El abogado, quien debuta como candidato presidencial, también contó con el protagonismo de su fórmula vicepresidencial, José Manuel Restrepo, exministro y académico con experiencia en temas económicos.

Petro y Trump, protagonistas indirectos

La campaña también estuvo influenciada por la participación indirecta de figuras nacionales e internacionales.

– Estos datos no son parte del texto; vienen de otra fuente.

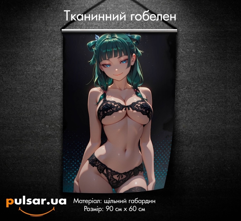 Пронизливий погляд її смарагдових очей, впевнена поза, шикарна мереживна білизна... Це не просто фансервіс, це заява. Величезний розмір та глибокі, насичені кольори роблять цей гобелен не просто прикрасою, а головним акцентом, що розповідає історію про силу та спокусу. Ми в Pulsar з трепетом ставимося до таких складних образів і гарантуємо ідеальну доставку.

El presidente Gustavo Petro expresó en distintas ocasiones su respaldo a la continuidad de un proyecto político de izquierda, situación que generó cuestionamientos de sectores opositores que lo acusaron de intervenir en el proceso electoral.

Por otro lado, el presidente de Estados Unidos, Donald Trump, manifestó públicamente su respaldo a De La Espriella, asegurando que Colombia contaría con el apoyo de su administración en caso de una eventual victoria del candidato.

Estas declaraciones provocaron reacciones tanto del Gobierno colombiano como de legisladores estadounidenses, que cuestionaron cualquier intento de influir en el resultado electoral.

Un país dividido espera el resultado

Más allá del ganador, expertos advierten que el próximo presidente enfrentará importantes desafíos en materia económica, seguridad, gobernabilidad y cohesión social.

La alta polarización política, sumada a las expectativas de millones de ciudadanos, plantea un escenario complejo para quien asuma la Presidencia el próximo 7 de agosto.

Con un electorado dividido y una campaña marcada por la confrontación, Colombia definirá este domingo el rumbo político del país para los próximos cuatro años en una elección considerada histórica por su nivel de intensidad y trascendencia.